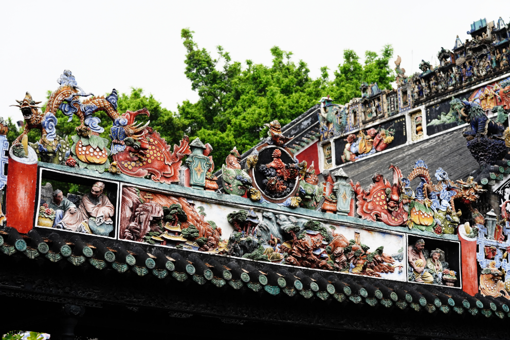 陈家祠又称“陈氏书院”,是目前现存规模最大、保存最完好的广府传统祠堂式建筑,被誉为「岭南建筑艺术明珠」。
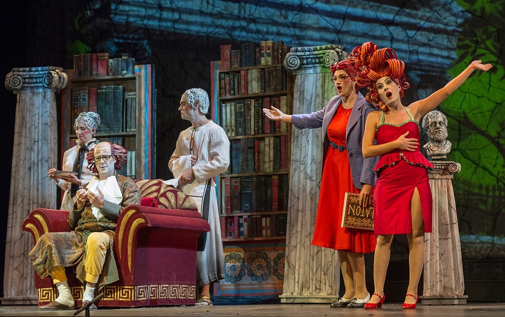 Walter Schwarz (Aristone), Trinidad Goyeneche (Ofelia) y Victoria Gaeta (Dori) en el primer acto de La grotta di Trofonio, Ópera de Cámara del Teatro Colón, Teatro 25 de Mayo, 2017
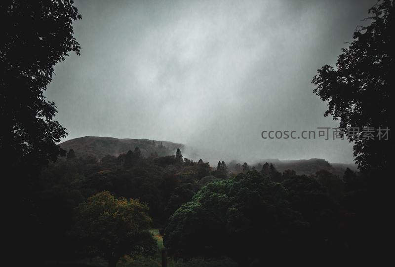 阴雨笼罩山林,云雾缭绕如画
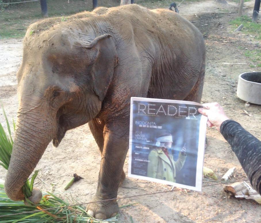 Ken and Lisa Larson sent in this photo of the Reader from their travels in Thailand. Oh yeah, and there’s an elephant, too. His name is Pai Lin, and he’s 72 years old. Cool.
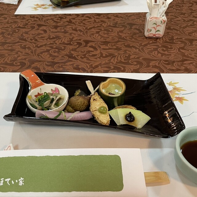 最初に出された前菜はつぶ貝、大根の酢漬け、湯葉、和物、甘味など様々な珍味であった。
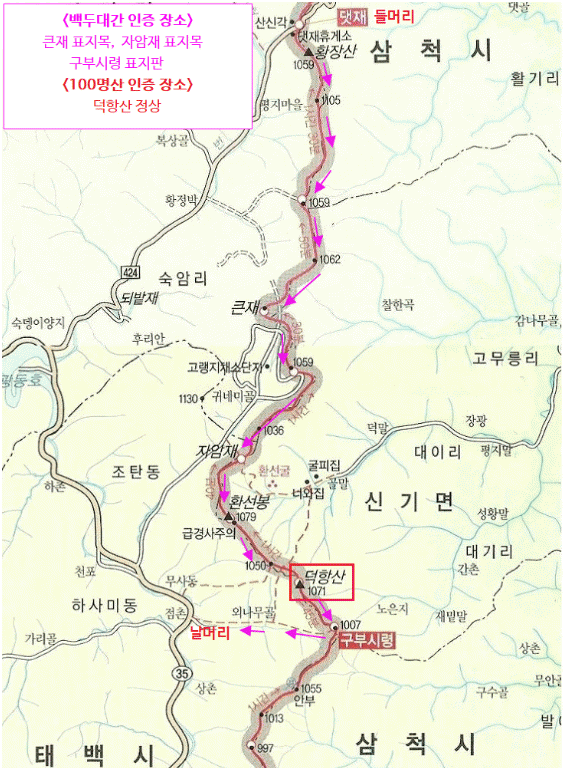 ★ 출발지점 : 강원도 삼척시 하장면 번천리 산 57-6 댓재 ▶댓재-황장산-큰재(인증)-자암재(인증)-환선봉-덕항산(100명산 인증)-구부시령(인증)-(접속)-외나무골교(14.9km/6시간)
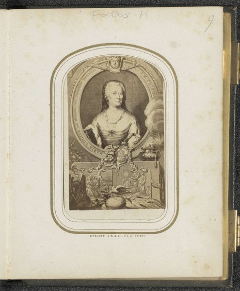 Editor: Here we have what's thought to be a photogravure reproduction of an engraving of Maria II Stuart, the wife of Prince William III, dating back to between 1860 and 1880. Looking at this print, the first thing that strikes me is how it uses Baroque visual conventions, like the portraiture and decorative flourishes to convey royal power in an era far removed from the actual monarchy, even as the original work from 1688 would itself serve to bolster dynastic prestige. What jumps out at you, seeing it now? Curator: That's a sharp observation. For me, it's intriguing to consider why this image of Maria II was being reproduced in the late 19th century, seemingly far from her actual reign. Think about the social and political context then. Photography had revolutionized image production, but historical portraiture, especially of monarchs, served specific public functions. What role did visual representations of historical figures play in shaping national identity during that era of rapid social and political change? Editor: It's interesting how a relatively simple portrait could speak to broader questions of nationhood and social memory, in addition to merely showcasing aristocracy. I never considered how the proliferation of images might have influenced public perception. Curator: Exactly! Was this reproduction aimed at solidifying a sense of shared British history, or perhaps at reinforcing the established social order? Whose interests were being served by circulating images of royalty, even those from centuries prior? Were these widely available or directed toward elite circles? And considering that the artwork seems to come from an album page, to what use was it directed? Editor: I hadn’t considered the intended audience for these types of reproductions, just how the image appears. It challenges my perception of "historical" art; these engravings continued to influence culture in their reproductions, for example in these albums! Curator: Precisely. Understanding that ongoing influence is key.
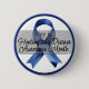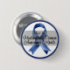 At the center of the button, a bold blue awareness ribbon symbolizes strength, resilience, and the fight for better treatments and understanding of HD.
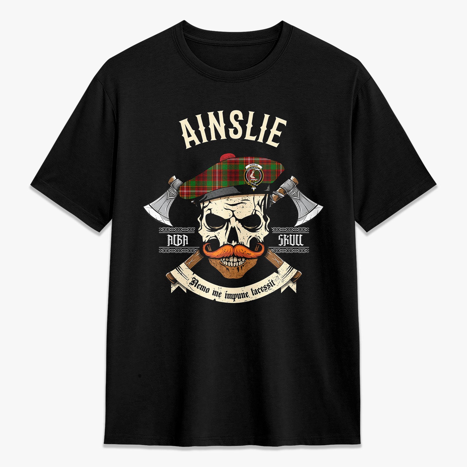 Ainslie Tartan Crest 2D T-shirt - Alba Skull Style,
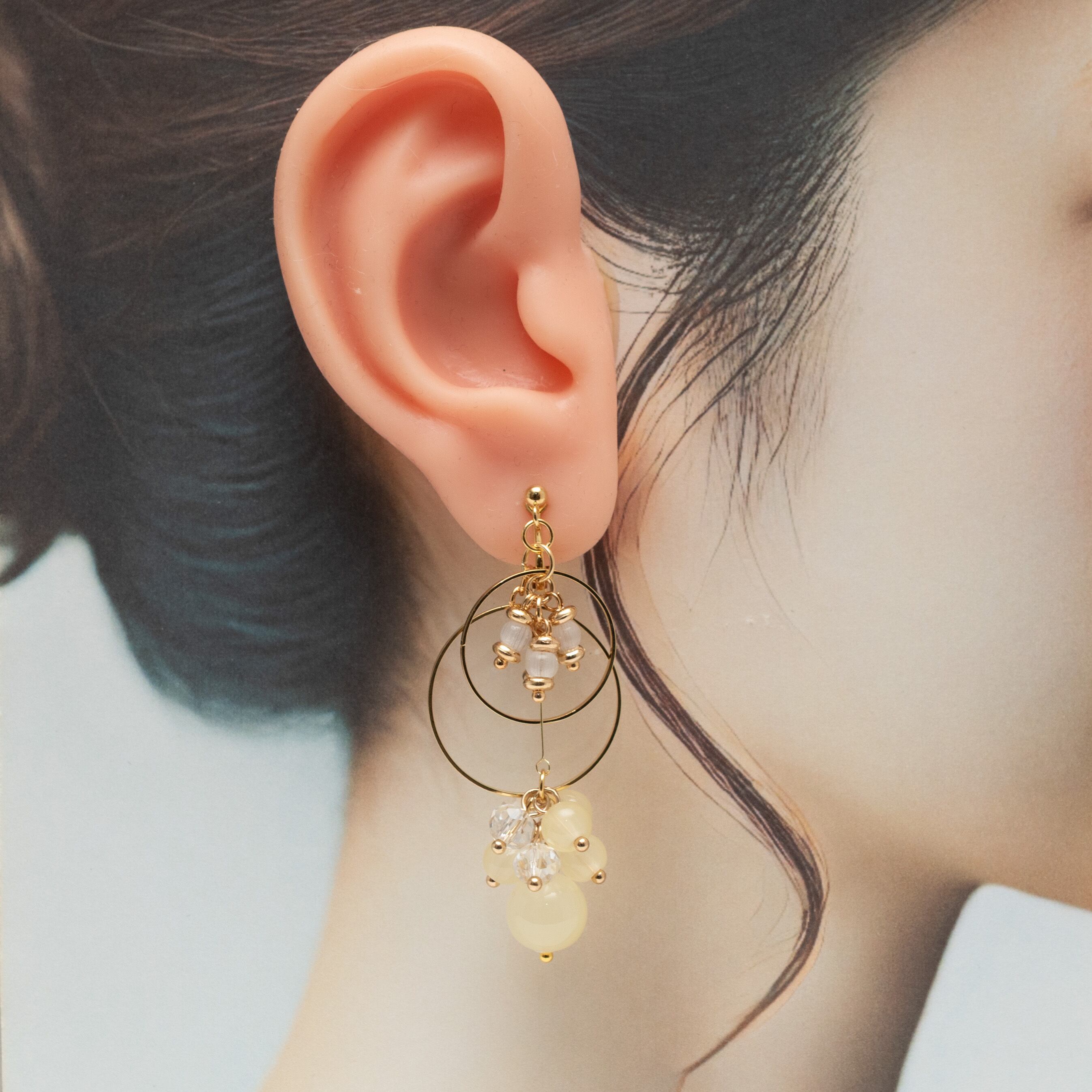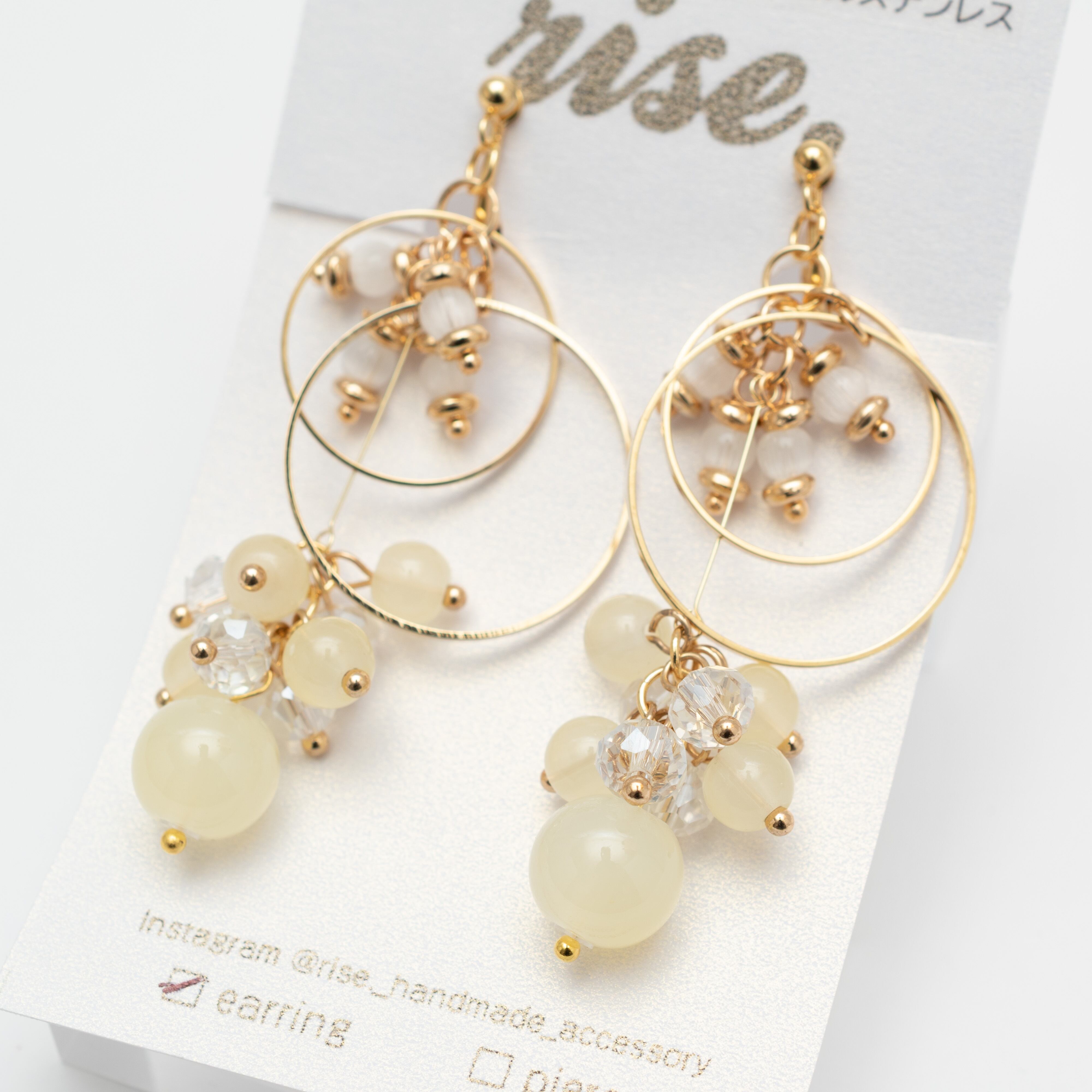 rise._handmade_accessory 様 作品 | No.206 2連フープとイエローガラスビーズのイヤリング
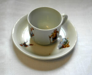 Lastenkuppi muistuttaa S-mallia. Koristeena kupissa on ruusu. Pohjassa leima on kulunut käytännössä katsoen olemattomiin, mutta se on ollut tornileima. Valitettavasti ei ole mahdollista sanoa kumpi tornileima on kysessä. Niinpä kuppi on ajoitettavissa vuosiin 1917‒1932.
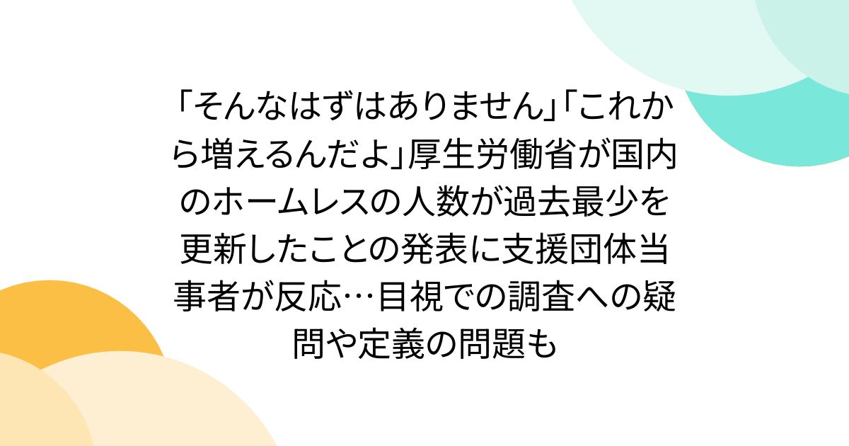 「これ草生えるわ。東京都のホームレス507人って発表やけど、NPO2団体だけで年間500人以上相談受けとるやんけ。算数できんのか厚労省は。」
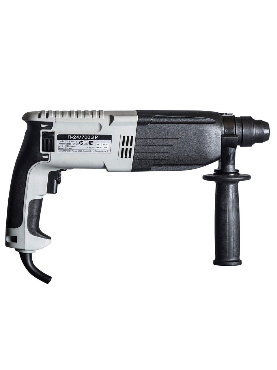 Перфоратор представляет собой машину ударно-вращательного действия, оснащенную ударным механизмом компрессионно-вакуумного типа и состоящую из электропривода и исполнительного механизма. Приводом служит коллекторный электродвигатель, размещённый в пластмассовом корпусе.
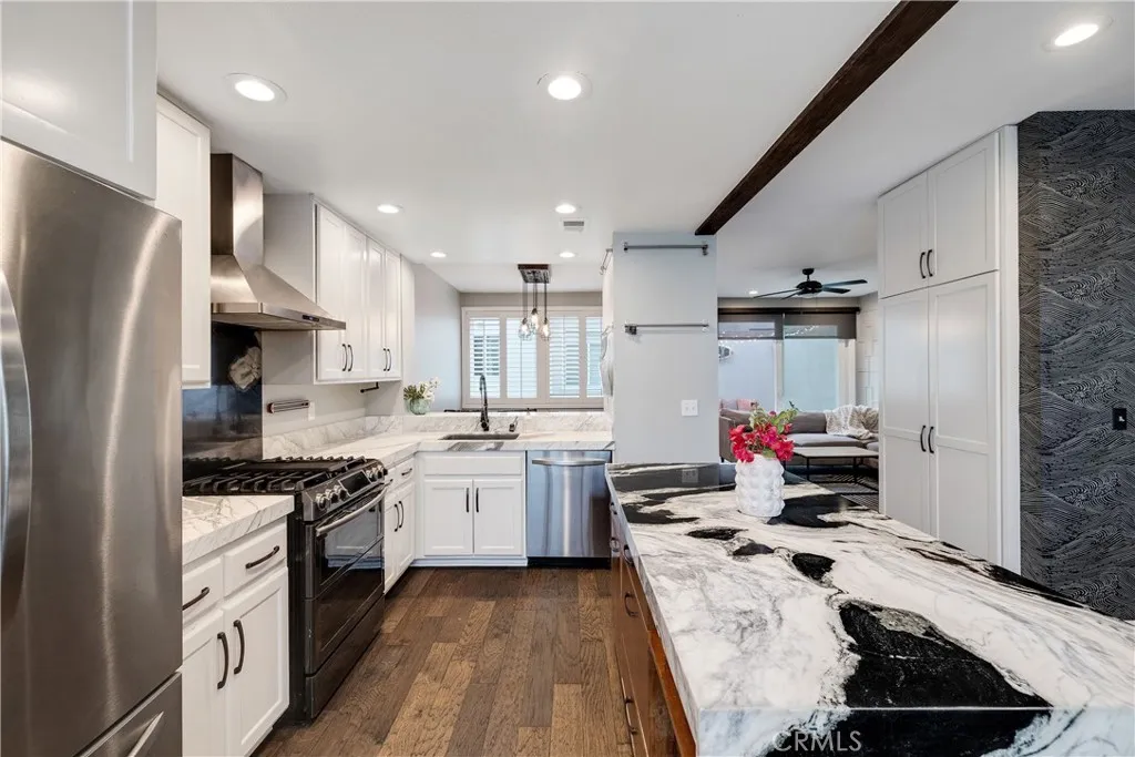 Welcome to your coastal retreat at 501 Herondo Street #50, an extensively renovated townhome just blocks from the sand in the heart of Hermosa Beach. Nestled west of PCH in the highly desirable Moorings community, this light-filled residence offers its own private front-door entry on the quiet cul-de-sac of Hill Street creating a rare sense of privacy and neighborhood charm that only a true beach-close address can offer. Designed for effortless beach living, this 3-bedroom plus bonus room, 3-bathroom home blends modern upgrades, abundant storage, and a functional layout ideal for both everyday living and entertaining. The bright and airy living room features hardwood floors, a cozy fireplace, and updated sliding doors that fill the space with ocean breezes and open to a sunny patioperfect for morning coffee or evening relaxation. Newer windows and coverings throughout the home invite natural light at every turn while enhancing energy efficiency and comfort. The updated kitchen is a chef's delight, complete with marble countertops, a center island with seating, stainless steel appliances, custom cabinetry, and a built-in pantry. Upstairs, the spacious primary suite offers a walk-in closet with custom built-ins and a beautifully updated en-suite bath. Two additional bedrooms and a full bathroom provide flexibility for guests, a home office, or a growing family. A standout feature is the versatile downstairs bonus room, located off the two-car garage with laundry ideal for a home gym, office, playroom, or extra storage. Just moments from The Strand, the beach, and the greenbel
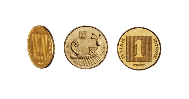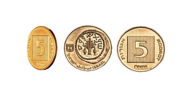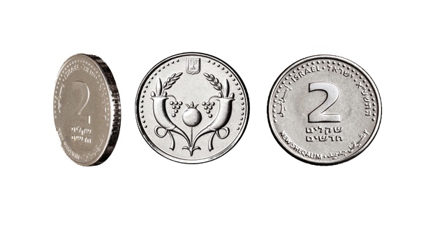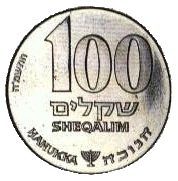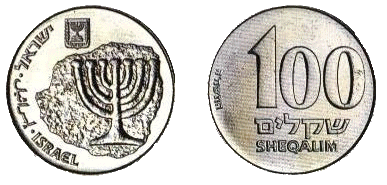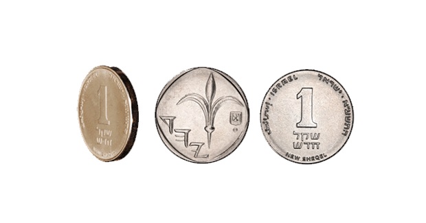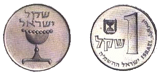| 1 шекель | 23 | 5 | Аверс: чаша и текст «израильский шекель» на иврите Реверс: Герб Израиля; цифра «1»; текст «шекель» на иврите; текст «Израиль» на иврите, арабском и английском языках; дата выпуска на иврите. |

*AIM OF THE TASK*
Pictures aside, restate the entries word for word.

*RESPONSE TO THE EXERCISE*
 陈家祠又称“陈氏书院”,是目前现存规模最大、保存最完好的广府传统祠堂式建筑,被誉为「岭南建筑艺术明珠」。
 Walter Schwarz (Aristone), Trinidad Goyeneche (Ofelia) y Victoria Gaeta (Dori) en el primer acto de La grotta di Trofonio, Ópera de Cámara del Teatro Colón, Teatro 25 de Mayo, 2017
 阴雨笼罩山林,云雾缭绕如画
 Ken and Lisa Larson sent in this photo of the Reader from their travels in Thailand. Oh yeah, and there’s an elephant, too. His name is Pai Lin, and he’s 72 years old. Cool.
 最初に出された前菜はつぶ貝、大根の酢漬け、湯葉、和物、甘味など様々な珍味であった。
 ★ 출발지점 : 강원도 삼척시 하장면 번천리 산 57-6 댓재 ▶댓재-황장산-큰재(인증)-자암재(인증)-환선봉-덕항산(100명산 인증)-구부시령(인증)-(접속)-외나무골교(14.9km/6시간)
 Editor: Here we have what's thought to be a photogravure reproduction of an engraving of Maria II Stuart, the wife of Prince William III, dating back to between 1860 and 1880. Looking at this print, the first thing that strikes me is how it uses Baroque visual conventions, like the portraiture and decorative flourishes to convey royal power in an era far removed from the actual monarchy, even as the original work from 1688 would itself serve to bolster dynastic prestige. What jumps out at you, seeing it now? Curator: That's a sharp observation. For me, it's intriguing to consider why this image of Maria II was being reproduced in the late 19th century, seemingly far from her actual reign. Think about the social and political context then. Photography had revolutionized image production, but historical portraiture, especially of monarchs, served specific public functions. What role did visual representations of historical figures play in shaping national identity during that era of rapid social and political change? Editor: It's interesting how a relatively simple portrait could speak to broader questions of nationhood and social memory, in addition to merely showcasing aristocracy. I never considered how the proliferation of images might have influenced public perception. Curator: Exactly! Was this reproduction aimed at solidifying a sense of shared British history, or perhaps at reinforcing the established social order? Whose interests were being served by circulating images of royalty, even those from centuries prior? Were these widely available or directed toward elite circles? And considering that the artwork seems to come from an album page, to what use was it directed? Editor: I hadn’t considered the intended audience for these types of reproductions, just how the image appears. It challenges my perception of "historical" art; these engravings continued to influence culture in their reproductions, for example in these albums! Curator: Precisely. Understanding that ongoing influence is key.
 At the center of the button, a bold blue awareness ribbon symbolizes strength, resilience, and the fight for better treatments and understanding of HD.
 Ainslie Tartan Crest 2D T-shirt - Alba Skull Style,
 rise._handmade_accessory 様 作品 | No.206 2連フープとイエローガラスビーズのイヤリング
 Lastenkuppi muistuttaa S-mallia. Koristeena kupissa on ruusu. Pohjassa leima on kulunut käytännössä katsoen olemattomiin, mutta se on ollut tornileima. Valitettavasti ei ole mahdollista sanoa kumpi tornileima on kysessä. Niinpä kuppi on ajoitettavissa vuosiin 1917‒1932.
 「これ草生えるわ。東京都のホームレス507人って発表やけど、NPO2団体だけで年間500人以上相談受けとるやんけ。算数できんのか厚労省は。」
 Перфоратор представляет собой машину ударно-вращательного действия, оснащенную ударным механизмом компрессионно-вакуумного типа и состоящую из электропривода и исполнительного механизма. Приводом служит коллекторный электродвигатель, размещённый в пластмассовом корпусе.
 Welcome to your coastal retreat at 501 Herondo Street #50, an extensively renovated townhome just blocks from the sand in the heart of Hermosa Beach. Nestled west of PCH in the highly desirable Moorings community, this light-filled residence offers its own private front-door entry on the quiet cul-de-sac of Hill Street creating a rare sense of privacy and neighborhood charm that only a true beach-close address can offer. Designed for effortless beach living, this 3-bedroom plus bonus room, 3-bathroom home blends modern upgrades, abundant storage, and a functional layout ideal for both everyday living and entertaining. The bright and airy living room features hardwood floors, a cozy fireplace, and updated sliding doors that fill the space with ocean breezes and open to a sunny patioperfect for morning coffee or evening relaxation. Newer windows and coverings throughout the home invite natural light at every turn while enhancing energy efficiency and comfort. The updated kitchen is a chef's delight, complete with marble countertops, a center island with seating, stainless steel appliances, custom cabinetry, and a built-in pantry. Upstairs, the spacious primary suite offers a walk-in closet with custom built-ins and a beautifully updated en-suite bath. Two additional bedrooms and a full bathroom provide flexibility for guests, a home office, or a growing family. A standout feature is the versatile downstairs bonus room, located off the two-car garage with laundry ideal for a home gym, office, playroom, or extra storage. Just moments from The Strand, the beach, and the greenbel
| 1 шекель | 23 | 5 | Аверс: чаша и текст «израильский шекель» на иврите Реверс: Герб Израиля; цифра «1»; текст «шекель» на иврите; текст «Израиль» на иврите, арабском и английском языках; дата выпуска на иврите. |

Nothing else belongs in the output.